Laura Triplett is uncovering the history of the St. Croix River-literally. Working at the Science Museum's St. Croix Watershed Research Station, she digs up samples of mud from the bottom of Lake St. Croix and analyzes them for clues to the river's past.
"To protect a place you care about, you need to understand its history," Triplett says. Though logging, farming and cities have been affecting the St. Croix for over 150 years, scientists have only studied it since the 1970s. To learn how the river has changed over longer periods of time, Triplett examines the mud that settled on the lake bottom in decades past.

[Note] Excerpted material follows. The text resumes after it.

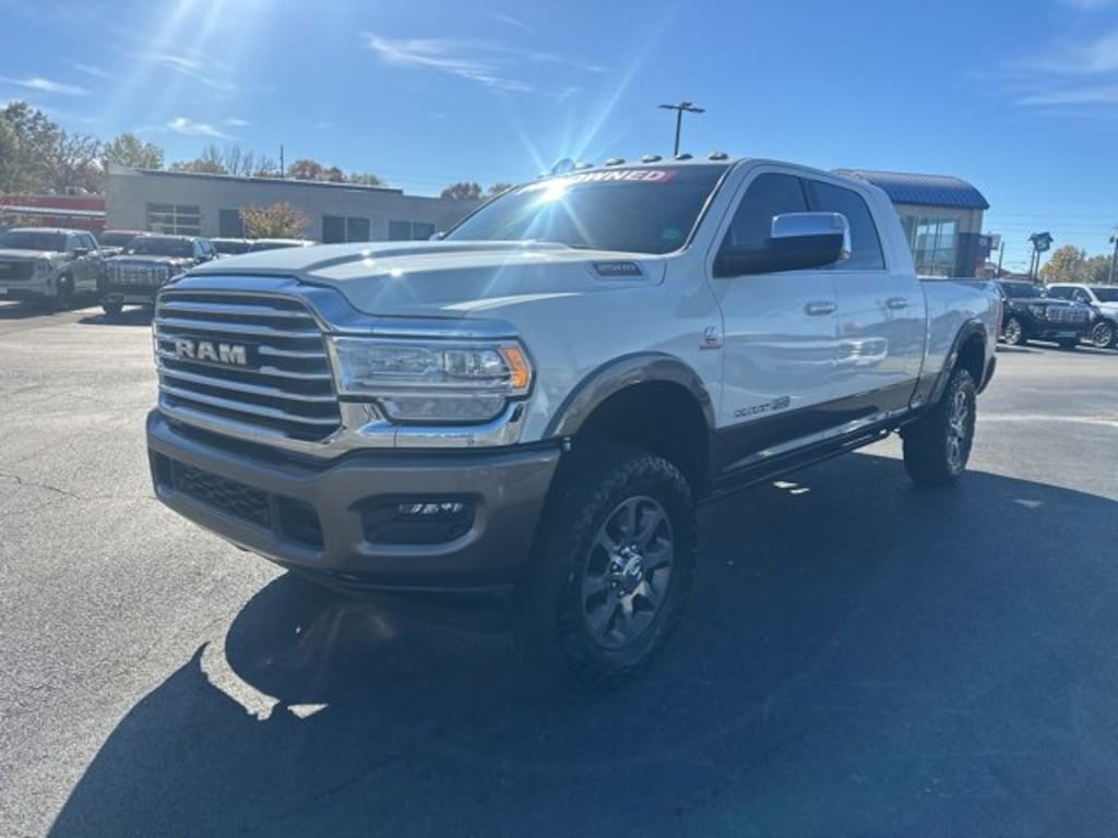 This 2022 Ram 2500 comes equipped with Longhorn Level 1 Equipment Group (17 Speaker harman kardon Premium Sound, Blind Spot & Cross Path Detection, GPS Navigation, Power Deployable Running Boards, Radio: Uconnect 5 Nav w/12.0 Display, Ramcharger Wireless Charging Pad, 12 Touchscreen Display, 4G LTE Wi-Fi Hot Spot, Alexa Built-In, All R1 High Radios, All Radio Equipped Vehicles, Apple CarPlay, Connected Travel & Traffic Services, Connectivity - US/Canada, Disassociated Touchscreen Display, For Details, Visit DriveUconnect.com, For More Info, Call 800-643-2112, Global Telematics Box Module (TBM), Google Android Auto, GPS Antenna Input, HD Radio, Integrated Voice Command w/Bluetooth, Off-Road Information Pages, Selectable Tire Fill Alert, SiriusXM Radio Service, and SiriusXM w/360L), Quick Order Package 2HK Longhorn, Safety Group (DISC) (Adaptive Cruise Control w/Stop, Adaptive Steering System, Digital Rearview Mirror, Full Speed Forward Collision Warning Plus, and Lane Keep Assist), Navigation System, 10 Speakers, 115V Auxiliary Rear Power Outlet, 2 Way Rear Headrest Seat, 220 Amp Alternator, 3.73 Axle Ratio, 4 Way Front Headrests, 4-Wheel Disc Brakes, 5th Wheel/Gooseneck Towing Prep Group, 8.4 Touchscreen Display, ABS brakes, Active Noise Control System, Adjustable pedals, Air Conditioning, Alloy wheels, AM/FM radio: SiriusXM with 360L, Apple CarPlay/Android Auto, Audio memory, Auto High-beam Headlights, Auto-dimming Rear-View mirror, Automatic temperature control, Blind Spot & Cross Path Detection (DISC), Brake assist, Bucket Seats, Bumpers: chrome, Center Hub, Clearance Lamps, Compass, Delay-off headlights, Driver door bin, Driver vanity mirror, Dual front impact airbags, Dual front side impact airbags, Electronic Stability Control, Electronically Controlled Throttle, Front anti-roll bar, Front Bucket Seats, Front Center Armrest w/Storage, Front dual zone A/C, Front fog lights, Front License Plate Bracket, Front reading lights, Front Seat Back Map Pockets, Full Length Premium Upgraded Floor Console, Fully automatic headlights, Garage door transmitter, Genuine wood console insert, Genuine wood dashboard insert, Genuine wood door panel insert, Heated door mirrors, Heated Front Seats, Heated front seats, Heated rear seats, Heated Second Row Seats, Heated Steering Wheel, Heated steering wheel, High Back Seats, Illuminated entry, Integrated Center Stack Radio, Leather steering wheel, Low tire pressure warning, Memory seat, Occupant sensing airbag, Outside temperature display, Overhead airbag, Overhead console, Panic alarm, ParkView Rear Back-Up Camera, Passenger door bin, Passenger vanity mirror, Pedal memory, Power 2-Way Driver Lumbar Adjust, Power 2-Way Passenger Lumbar Adjust, Power Adjust 8-Way Driver Seat, Power Adjust 8-Way Front Passenger Seat, Power door mirrors, Power driver seat, Power passenger seat, Power steering, Power windows, Premium Filigree Leather Seats, Radio data system, Radio: Uconnect 5 Nav w/8.4 Display, Radio/Driver Seat/Mirrors/Pedals Memory, Rain sensing wipers, Rear 60/40 Folding Seat, Rear anti-roll bar, Rear reading lights, Rear seat center armrest, Rear step bumper, Rear window defroster, Remote keyless entry, Security system, Speed control, Split folding rear seat, Steering wheel mounted audio controls, Tachometer, Tilt steering wheel, Tip Start, Traction control, Trip computer, Turn signal indicator mirrors, Variably intermittent wipers, Vendor Painted Cargo Box, Vendor Painted Cargo Box Tracking, Ventilated Front Seats, Ventilated front seats, Voltmeter, Wheels: 18 x 8.0 Diamond Cut Face Aluminum, and Wheels: 20 x 8.0 Aluminum w/Walnut PocketS. 17 Speaker harman kardon Premium Sound, Adaptive Cruise Control w/Stop, Adaptive Steering System, Blind Spot & Cross Path Detection, Digital Rearview Mirror, Full Speed Forward Collision Warning Plus, GPS Navigation, Lane Keep Assist, Longhorn Level 1 Equipment Group, Navigation System, Power Deployable Runn

Fast-moving river water carries sediment with it. When the river hits a wide valley, like Lake St. Croix south of Stillwater, the water slows and the sediment settles to the bottom, preserving a record of river conditions.
Triplett drills into the lake bottom and removes long tubes of mud, known as cores. Studying mud of different ages, she found that, surprisingly, large-scale logging in the 1850s did not alter the river very much. However, there was a huge increase in both the amount of mud and the phosphorus it contained beginning in the 1940s.
Figuring out what caused that change will help us protect and restore the river.
At her lab, Triplett puts the mud samples through several tests:
Her colleague Mark Edlund looks at samples under a microscope, counting and identifying algae. Together, this information gives them a history of the river.